I was doing research for the Matthews story on Wednesday, watching the NBC telecast of the 1987 game between the Browns and Cincinnati Bengals at Cleveland Stadium, and there was Schottenheimer barking instructions from the sidelines. Serving as the color analyst on NBC’s telecast of the game was Schottenheimer’s predecessor with the Browns, and the man who hired him as defensive coordinator in 1980, Sam Rutigliano.
The two men don’t get along at all, and haven’t for years. In fact, I don’t think they’ve spoken since Schottenheimer was named as the replacement when Rutigliano was fired midway through the 1984 season.
There are reasons for it, but I don’t want to get into them now. This is neither the time nor the place.
But , no matter the reason, the fact there’s such a disconnect between them makes me sad. The 1980s, with first the Kardiac Kids era and then the Bernie Kosar years, were such a great time for the Browns, and I would love to have heard the two men who orchestrated it all talk and reminisce about it together.
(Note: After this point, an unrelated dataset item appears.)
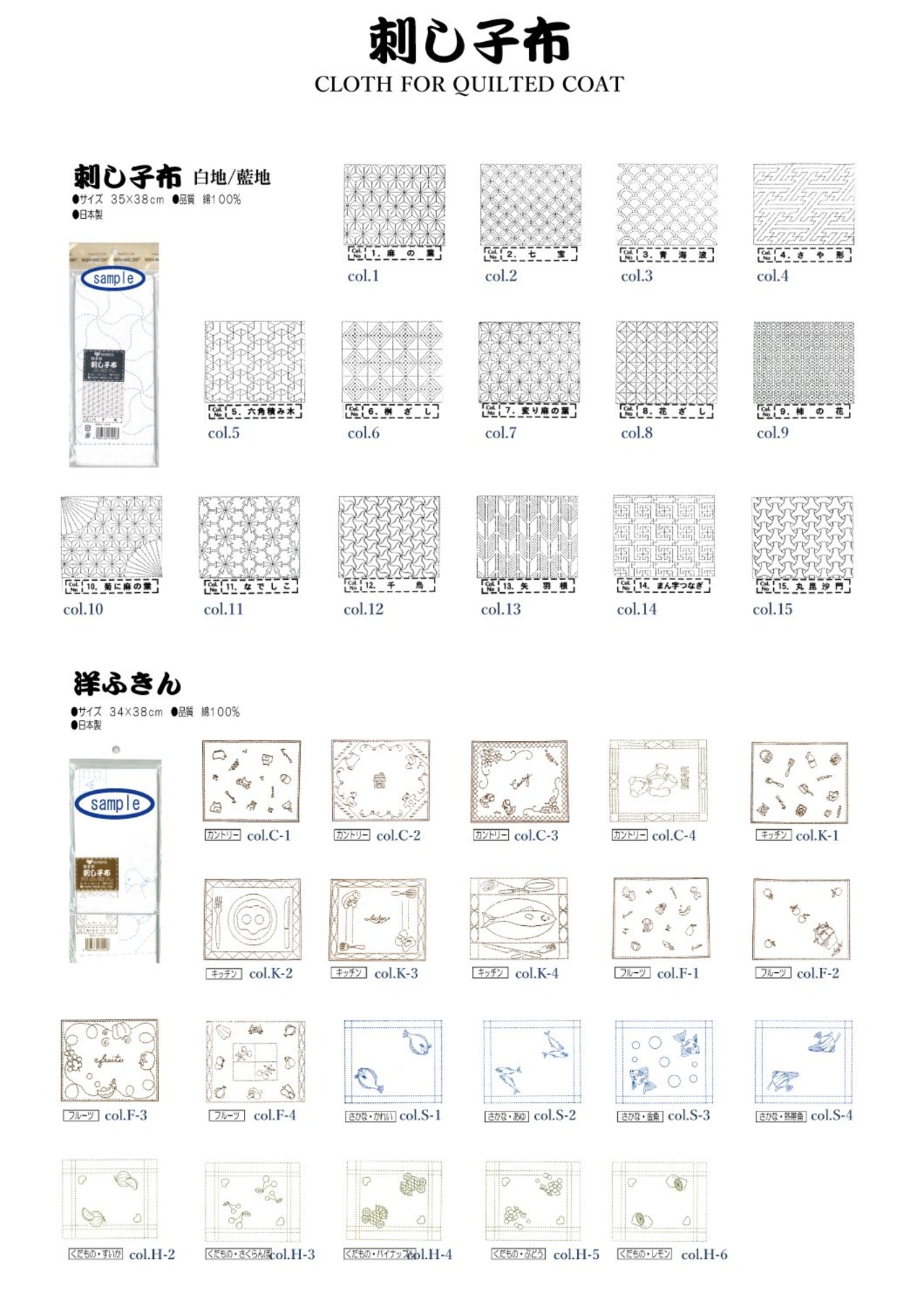 生地には図案がプリントされており、布に図案を写す手間がはぶけ、また針目が揃いやすくなります。

There would have been some wonderful stories.
Rutigliano and his wife of 67 years, Barbara, still live in the house in Waite Hill in the far eastern Cleveland suburbs, near Kirtland, that they purchased when he was hired by the Browns just after the 1977 regular season ended. He will turn 90 on July 1.
The house is located less than a mile from the home Art Modell lived in when he owned the Browns and hired both men. He passed away in 2012 at the age of 87.
It’s all a sign that we’re getting older and time marches on.